It’s critical to remember that the child you have at five months old is not the same as the child you have at fifteen months old.
The key difference here is MOVEMENT.
A stationary child is perfection. They sit, they smile, they let you clean without interference. Heavenly.
A moving child is a nightmare on legs. They run, they destroy, they undo everything you do the second after you did it.
When you have a five month old who sits and smiles, it’s quite easy to keep a nice clean home. It’s understandable how you could walk into a friend’s house and judge her and her Lord of the Flies children. ‘How hard is it, Melissa? You filthy broad.’
Give her a break. Poor old Melissa has moving children.
When your child starts to move, you won’t stand a chance of keeping things tidy. Even if you removed every item from your home and lived in an empty shell, your child would smuggle in rocks from outside and scatter them around like tiny shards of rebellion digging into the soft underbelly of your poor, tender feet.

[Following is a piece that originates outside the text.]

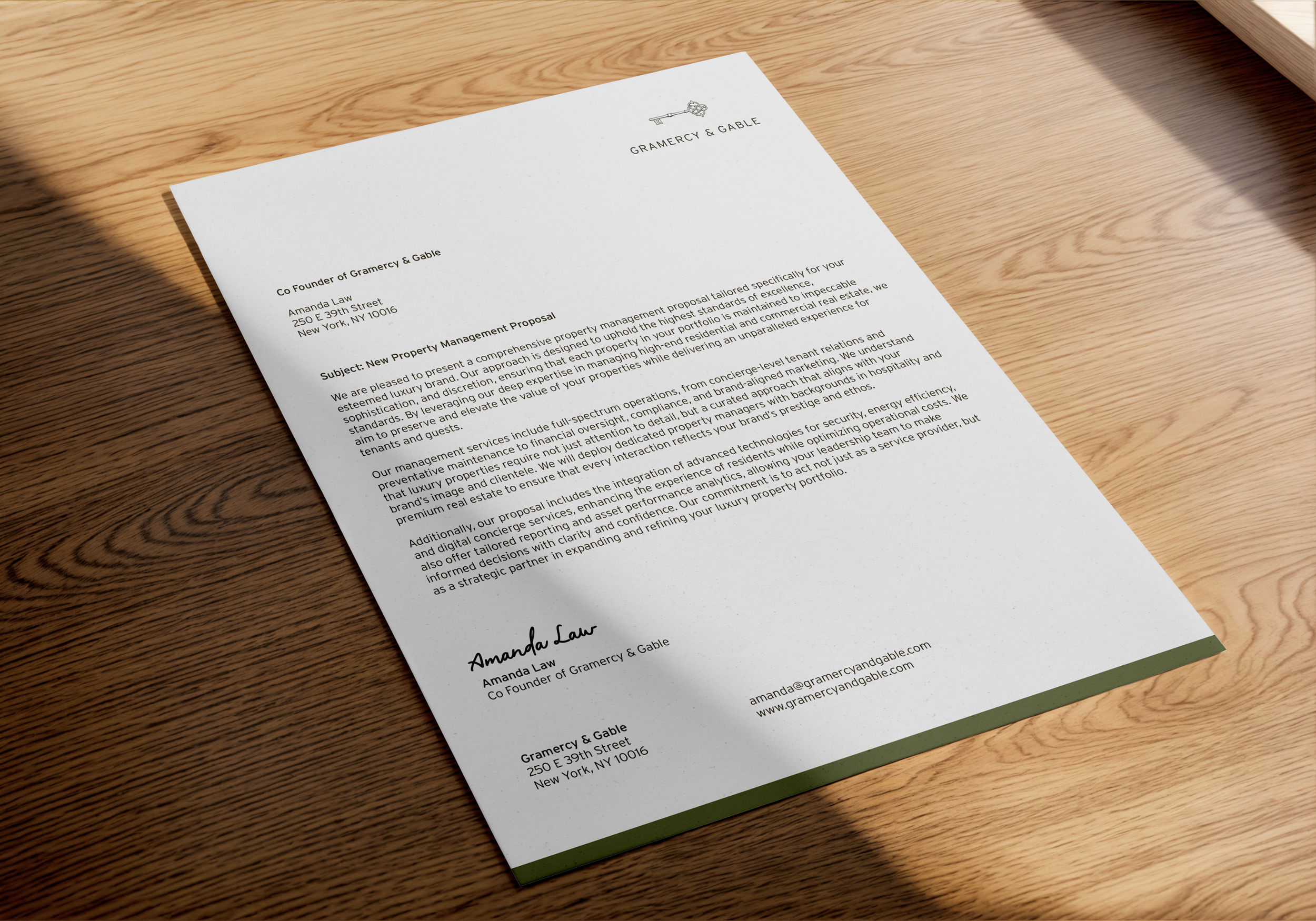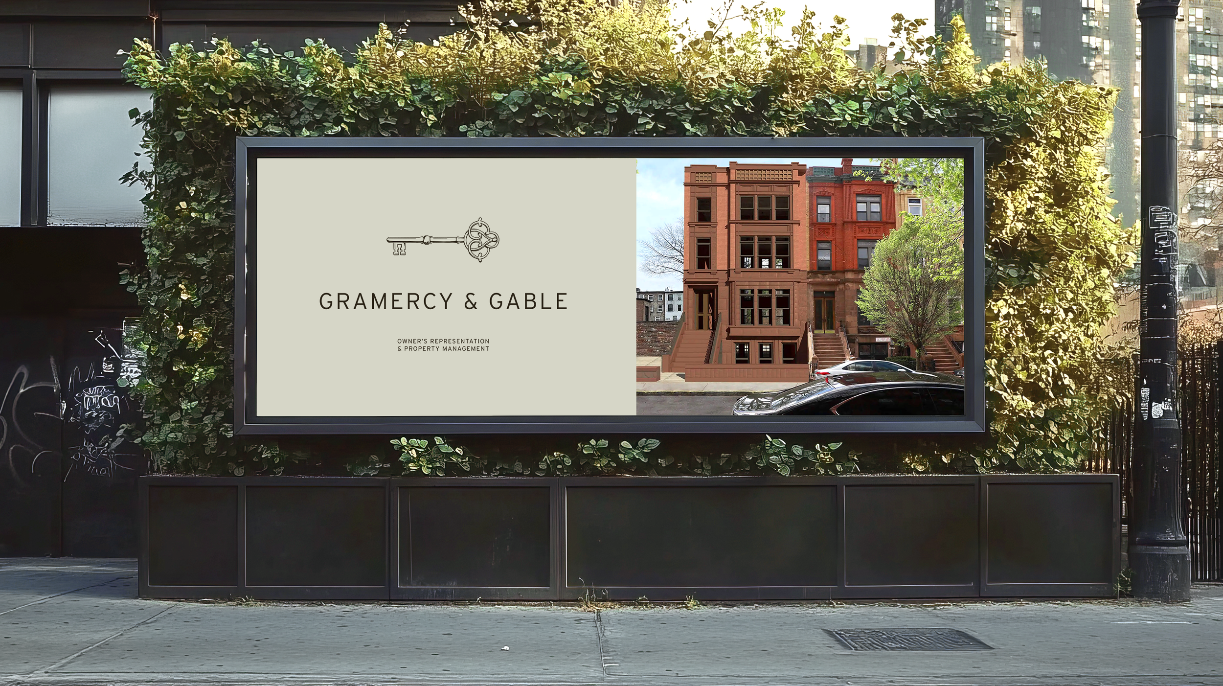 With a name like Gramercy & Gable, the logo needed to subtly evoke the iconic key to Gramercy Park. I designed a custom key symbol by drawing inspiration from the ornate wrought iron gates surrounding the park, integrating aerial architectural motifs, and shaping the key’s head from two mirrored “G”s, creating a mark that feels both historic and bespoke.

We’ve established that children enjoy the putting of all the things on the floor. Children also spill things. All the things. Even things with lids will somehow find a way to spill. Food, drinks, nappies. All on the floor. They also love to break things and rub filthy hands on things and lick ALL THE THINGS.
It’s adorable of you to think you’d be able to keep on top of it. That every time something was put on the floor, you’d be there to grab it and put it back in its rightful place.
Let’s imagine that universe.
Your only job is to replace what your child has pulled out. You cannot go to the toilet. You cannot make food. You cannot turn your head. You cannot do a damned thing all day except put away what your child has pulled out.
At some point in the day you leave some of the things for a few minutes so you can get something else done. You’ll get back to it later, you tell yourself. But later comes and your child drops his nappy, and a turd rolls onto the kitchen floor. Obviously, that takes priority. So you deal with that while he pulls out some more things.
A little bit later, you try to get back to the tidying, but your child is hungry. And tired. And demands a ball you don’t even own, and screams at you for 24 minutes. And the phone rings. And later never comes. And by the time he goes to bed, he’s created seventeen times more mess than you started with, and you have a little sob, grab a glass of wine and sit down to watch TV because you’ve earned it.
And this is why our homes look like a scene from Lord of the Flies. Unless we have people coming over, and then we throw everything into a washing basket and chuck it in a garage or cupboard five minutes before they arrive. Tada!